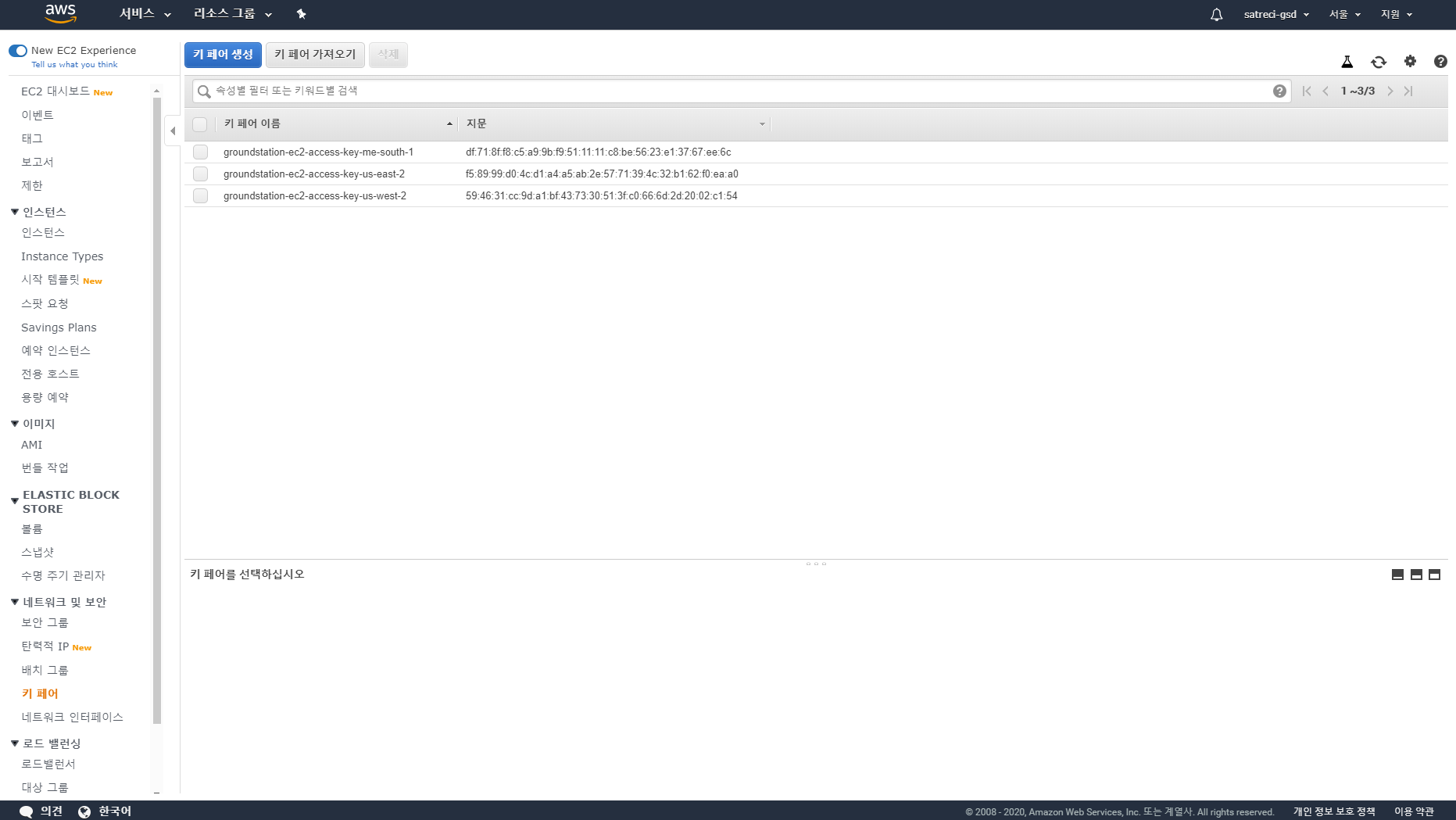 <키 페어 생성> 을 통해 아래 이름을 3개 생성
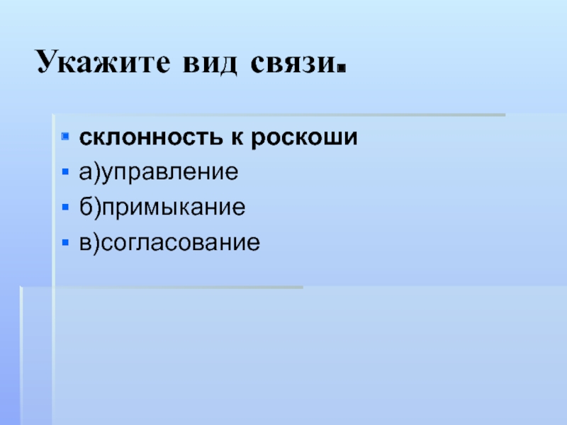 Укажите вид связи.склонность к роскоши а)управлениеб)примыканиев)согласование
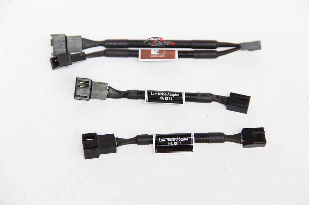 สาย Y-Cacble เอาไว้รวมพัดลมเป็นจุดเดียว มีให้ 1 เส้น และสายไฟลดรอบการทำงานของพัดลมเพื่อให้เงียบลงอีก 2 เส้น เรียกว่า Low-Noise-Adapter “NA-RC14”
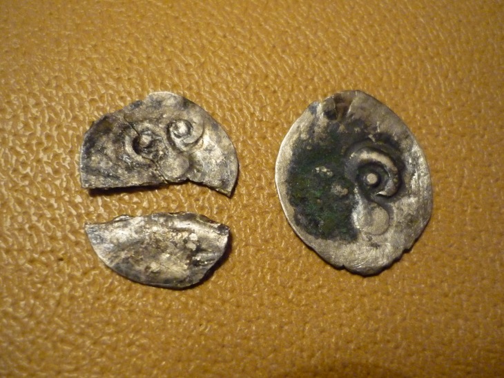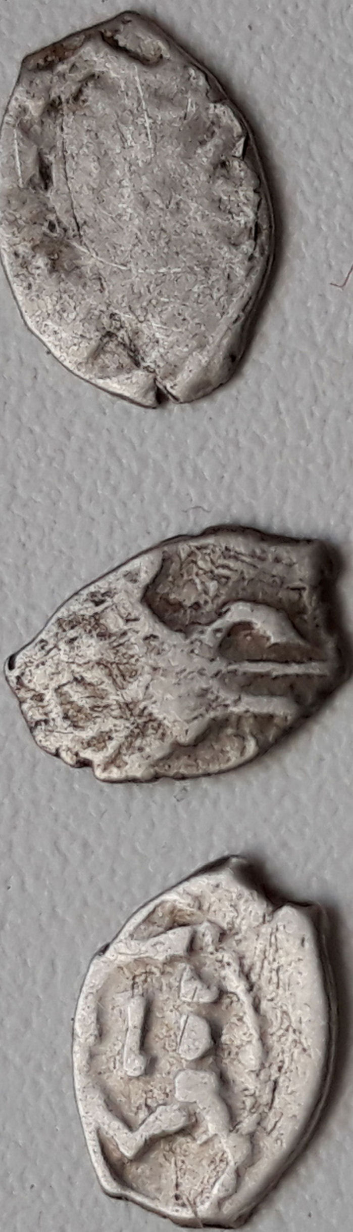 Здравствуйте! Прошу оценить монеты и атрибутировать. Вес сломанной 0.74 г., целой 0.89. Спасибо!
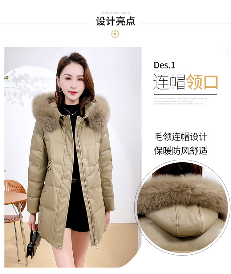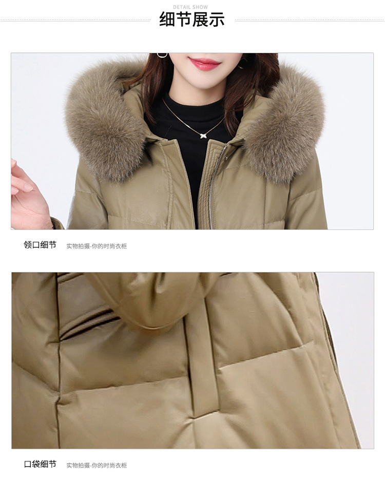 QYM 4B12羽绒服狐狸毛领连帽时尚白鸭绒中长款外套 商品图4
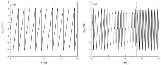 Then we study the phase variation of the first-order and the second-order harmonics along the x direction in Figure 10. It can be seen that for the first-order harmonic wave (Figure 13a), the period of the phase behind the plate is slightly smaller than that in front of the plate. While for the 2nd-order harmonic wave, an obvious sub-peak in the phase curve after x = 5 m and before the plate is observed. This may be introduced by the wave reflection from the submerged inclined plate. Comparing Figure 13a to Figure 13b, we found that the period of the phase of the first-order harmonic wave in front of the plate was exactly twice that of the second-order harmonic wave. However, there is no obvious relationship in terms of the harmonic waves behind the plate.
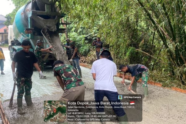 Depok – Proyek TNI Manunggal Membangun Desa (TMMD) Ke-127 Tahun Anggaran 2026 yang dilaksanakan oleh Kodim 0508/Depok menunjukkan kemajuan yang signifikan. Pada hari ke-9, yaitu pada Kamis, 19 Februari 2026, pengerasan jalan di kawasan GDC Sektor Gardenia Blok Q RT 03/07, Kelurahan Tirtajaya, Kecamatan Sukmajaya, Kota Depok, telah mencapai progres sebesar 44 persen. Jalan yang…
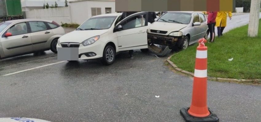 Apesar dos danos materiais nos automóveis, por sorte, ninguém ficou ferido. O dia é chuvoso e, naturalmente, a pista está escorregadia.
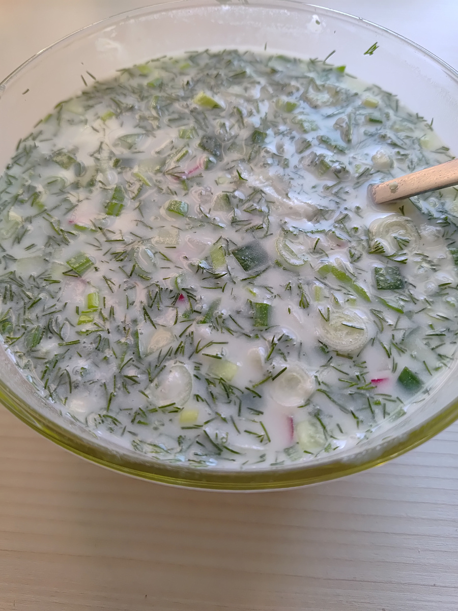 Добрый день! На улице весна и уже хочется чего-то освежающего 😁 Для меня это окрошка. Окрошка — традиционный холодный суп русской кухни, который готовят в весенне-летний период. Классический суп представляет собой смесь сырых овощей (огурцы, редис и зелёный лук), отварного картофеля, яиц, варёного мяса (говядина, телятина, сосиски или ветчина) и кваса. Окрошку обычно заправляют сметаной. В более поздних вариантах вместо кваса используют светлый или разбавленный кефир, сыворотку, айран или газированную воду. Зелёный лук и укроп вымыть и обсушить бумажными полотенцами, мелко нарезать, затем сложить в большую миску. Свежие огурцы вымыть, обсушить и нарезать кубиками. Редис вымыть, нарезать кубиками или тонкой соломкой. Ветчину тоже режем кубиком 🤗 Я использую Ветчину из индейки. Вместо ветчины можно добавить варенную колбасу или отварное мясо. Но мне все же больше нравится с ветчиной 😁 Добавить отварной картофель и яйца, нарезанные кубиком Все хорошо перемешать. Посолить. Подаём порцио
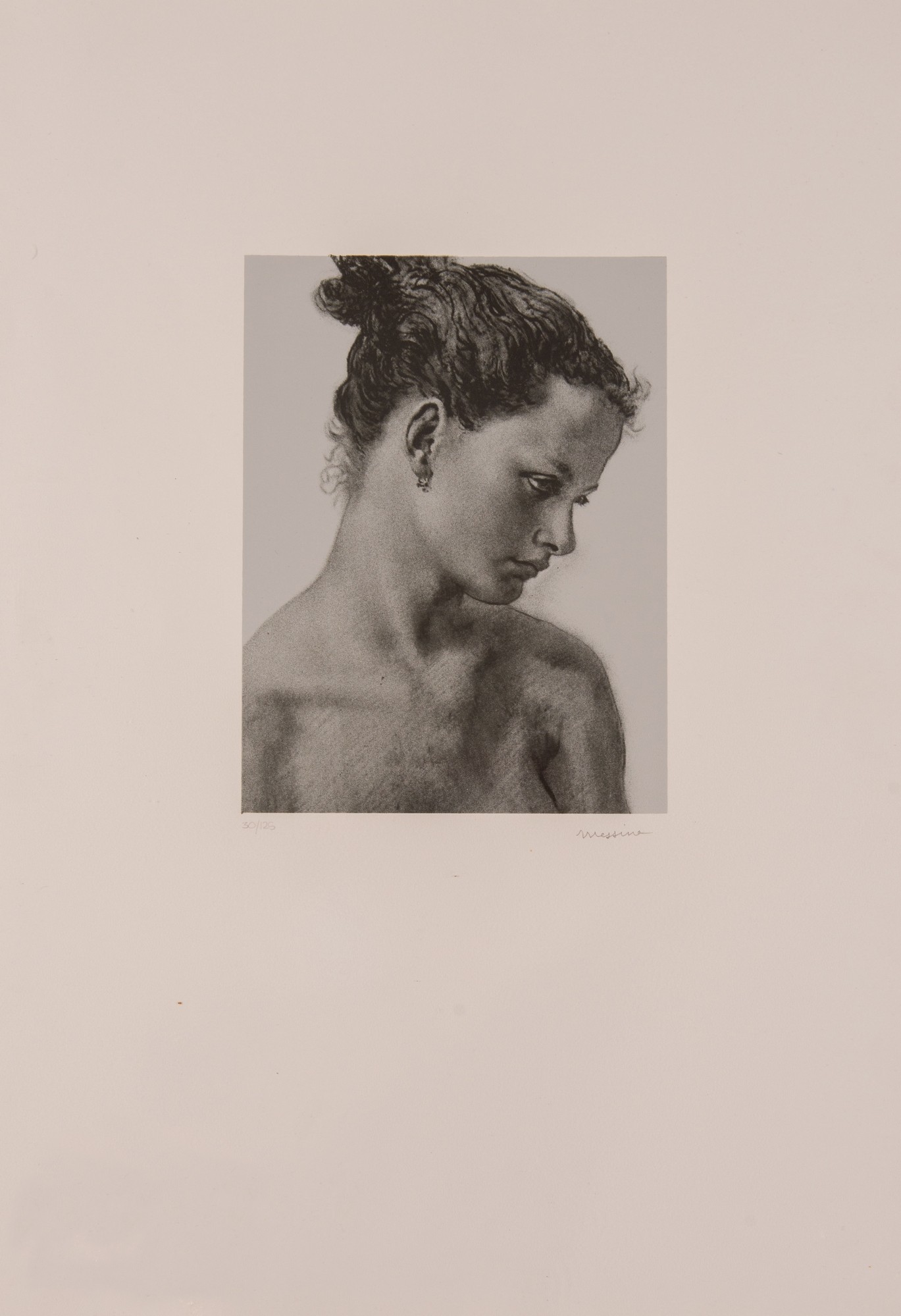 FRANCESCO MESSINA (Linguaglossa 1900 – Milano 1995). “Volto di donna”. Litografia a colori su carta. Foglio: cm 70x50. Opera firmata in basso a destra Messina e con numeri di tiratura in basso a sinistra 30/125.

------------------------

◆ **WHAT IS NEEDED**
Above are some entries; copy exactly the lines from the line with "สาย Y-Cacble เอาไว้รวมพัดลมเป็นจุดเดียว" through the line with "Depok – Proyek", both included, but none of the pictures.

◆ **SOLUTION**
 สาย Y-Cacble เอาไว้รวมพัดลมเป็นจุดเดียว มีให้ 1 เส้น และสายไฟลดรอบการทำงานของพัดลมเพื่อให้เงียบลงอีก 2 เส้น เรียกว่า Low-Noise-Adapter “NA-RC14”
 Здравствуйте! Прошу оценить монеты и атрибутировать. Вес сломанной 0.74 г., целой 0.89. Спасибо!
 QYM 4B12羽绒服狐狸毛领连帽时尚白鸭绒中长款外套 商品图4
 Then we study the phase variation of the first-order and the second-order harmonics along the x direction in Figure 10. It can be seen that for the first-order harmonic wave (Figure 13a), the period of the phase behind the plate is slightly smaller than that in front of the plate. While for the 2nd-order harmonic wave, an obvious sub-peak in the phase curve after x = 5 m and before the plate is observed. This may be introduced by the wave reflection from the submerged inclined plate. Comparing Figure 13a to Figure 13b, we found that the period of the phase of the first-order harmonic wave in front of the plate was exactly twice that of the second-order harmonic wave. However, there is no obvious relationship in terms of the harmonic waves behind the plate.
 Depok – Proyek TNI Manunggal Membangun Desa (TMMD) Ke-127 Tahun Anggaran 2026 yang dilaksanakan oleh Kodim 0508/Depok menunjukkan kemajuan yang signifikan. Pada hari ke-9, yaitu pada Kamis, 19 Februari 2026, pengerasan jalan di kawasan GDC Sektor Gardenia Blok Q RT 03/07, Kelurahan Tirtajaya, Kecamatan Sukmajaya, Kota Depok, telah mencapai progres sebesar 44 persen. Jalan yang…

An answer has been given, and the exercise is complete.